An identity for rational functions leading to equations for multiple polylogarithms The following identity is not hard to prove:
$$
\sum_{1\leq i_1<i_2<\ldots <i_{2n}\leq N} (-1)^{i_1+\ldots+i_{2n}}\frac{(1-x_{i_1})(1-x_{i_3})\ldots(1-x_{i_{2n-1}})}{(1-x_{i_2})(1-x_{i_4}) \ldots (1-x_{i_{2n}})\ \ }=
\frac{(x_{1}-x_2)(x_{2}-x_{3}) \ldots  (x_{N-1}-x_{N})}{(1-x_{2})\ \ldots\ \ \ \ (1-x_{N-1})(1-x_{N})}.
$$
I am curious if it appeared anywhere before and if it is a part of a certain family of similar identities. As a corollary, one immediately sees that LHS is a power series starting with degree $N-1.$ This fact leads to a family of functional equations for multiple polylogarithms.
 A: If we denote $1-x_i=y_i$, this reads as $$\sum_{1\leq i_1<i_2<\ldots <i_{2n}\leq N} (-1)^{i_1+\ldots+i_{2n}}\frac{y_{i_1}y_{i_3}\ldots y_{i_{2n-1}}}{y_{i_2}y_{i_4} \ldots y_{i_{2n}}}=
\frac{(y_{2}-y_1)(y_{3}-y_{2}) \ldots  (y_{N}-y_{N-1})}{y_{2}\ldots y_{N-1}y_{N}}\\
=(1-y_1/y_2)(1-y_2/y_3)\ldots (1-y_{N-1}/y_N),$$
which may be proved by expanding the brackets. And such expanding was certainly done before. I am less sure about $1-y_i=x_i$ change of variables.

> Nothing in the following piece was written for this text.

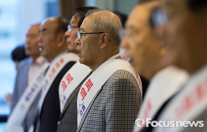 (서울=포커스뉴스) 북핵폐기천만인서명운동본부 등 시민단체 관계자들이 5일 오전 서울 중구 프레스센터에서 열린 북핵폐기 천만인서명, 250만명 돌파 기자회견에 참석해 애국가를 제창하고 있다.
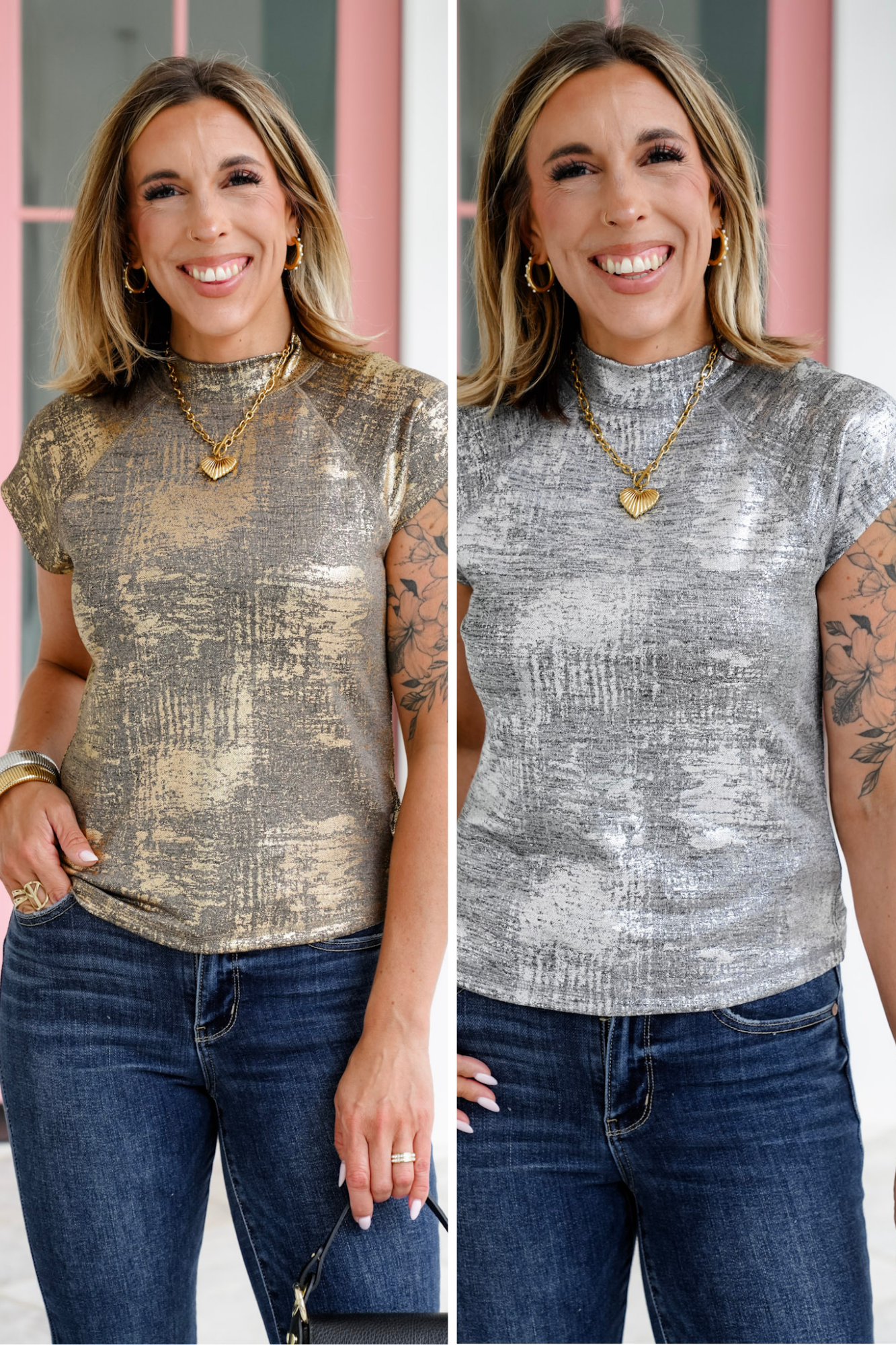 A little shimmer goes a long way! This metallic top adds instant glam with its cap sleeves and soft mock neck. It’s stretchy, comfortable, and fabulous for a girls’ night or holiday parties. Pair it with dark skinnies and statement earrings to sparkle all evening.

The coefficients of products of differences often appear, perphaps the most known is Vandermonde determinant $$\prod_{0\leqslant i<j\leqslant n-1}(y_j-y_i)=\sum_{\pi}{\rm sign}\,(\pi)\prod y_i^{\pi_i},$$
where $\pi$ runs over all $n!$ permutations of the set $\{0,\ldots,n-1\}$. There are many interesting cases, when all coefficients can not be found, but some of them can, like Dyson's conjecture (I have no idea whether it can lead to anything interesting about polylogarithms.) If you need complete expansions only, there are not so many cases when they are known, apart of above I can suggest the cycle graph instead of the path. If you allow not only differences, there are complete expansions of, for example, $(\sum x_i)^N \prod_{i<j}(x_j-x_i)$.